Utilise SMACT’s capabilities to generate extensive lists of elemental compositions.
Prepare these compositions as inputs for machine learning models and other screening workflows.
Learning Outcomes:
Grasp the challenges posed by vast chemical spaces.
Efficiently generate and manage large datasets of potential material compositions.
2. Application of Chemical Filters#
Description:
Learn about chemical filters—a set of rules applied to reduce chemical spaces to viable candidates.
Use a modified
smact_filter
function to apply these rules to generated compositions.Convert filtered results into dataframes with features suitable for machine learning algorithms.
Learning Outcomes:
Apply chemical filters to streamline candidate selection.
Prepare datasets for machine learning applications.
3. Compositional Screening and Phase Diagram Analysis#
Description:
Use SMACT to screen chemical spaces for specific element combinations (e.g., {Cu, Ti, O}).
Generate phase diagrams illustrating all allowable and forbidden composition possibilities.
Interpret these diagrams to identify promising material candidates.
Learning Outcomes:
Perform targeted compositional screenings.
Analyse and interpret phase diagrams for material selection.

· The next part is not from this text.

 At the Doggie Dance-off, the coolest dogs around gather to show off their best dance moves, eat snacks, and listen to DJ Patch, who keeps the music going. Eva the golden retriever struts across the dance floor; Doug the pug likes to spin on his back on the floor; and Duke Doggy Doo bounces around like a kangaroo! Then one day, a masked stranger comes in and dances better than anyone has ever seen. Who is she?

4. Stoichiometry Screening#
Description:
Explore methods to find compounds that satisfy specific stoichiometries (e.g., perovskite ABX₃).
Utilise a modified SMACT filter function to identify such compounds.

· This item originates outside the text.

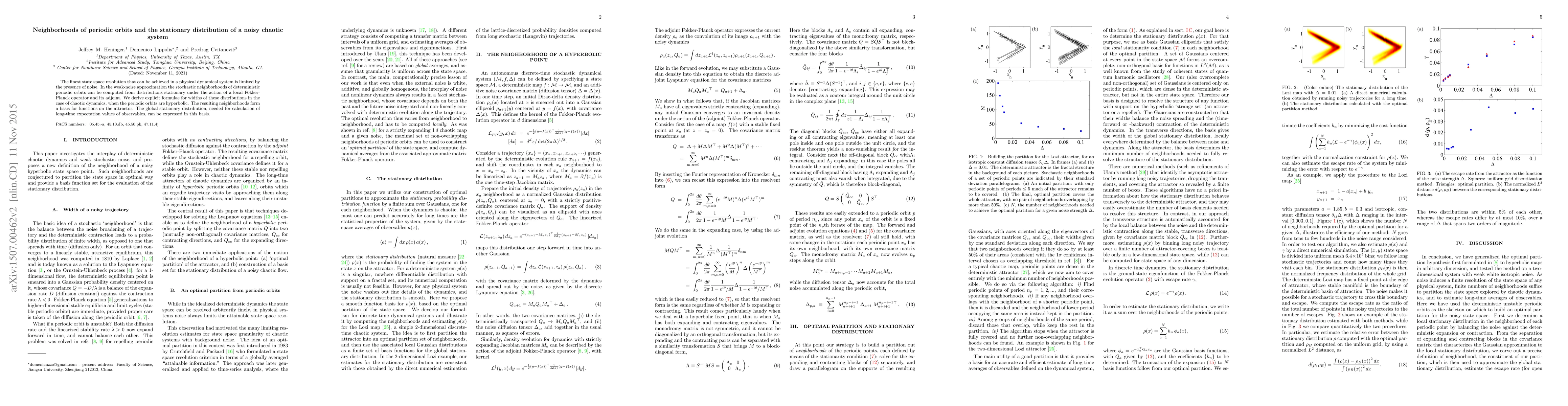 The finest state space resolution that can be achieved in a physical dynamical system is limited by the presence of noise. In the weak-noise approximation the neighborhoods of deterministic periodic orbits can be computed as distributions stationary under the action of a local Fokker-Planck operator and its adjoint. We derive explicit formulae for widths of these distributions in the case of chaotic dynamics, when the periodic orbits are hyperbolic. The resulting neighborhoods form a basis for functions on the attractor. The global stationary distribution, needed for calculation of long-time expectation values of observables, can be expressed in this basis.

Assess the potential of these compounds for further study.
Learning Outcomes:
Conduct stoichiometry-based screenings.
Identify and evaluate compounds matching desired stoichiometric formulas.
5. Composition to Structure Techniques#
5.1 Structure Prediction with SMACT#
Description:
Learn about SMACT’s structure prediction submodule based on ionic substitution, inspired by Hautier et al.’s 2011 paper.
Set up a database of SMACT-compatible structures.
Assign compositions to known crystal structures using the structure prediction tool.
Learning Outcomes:
Utilise ionic substitution methods for structure prediction.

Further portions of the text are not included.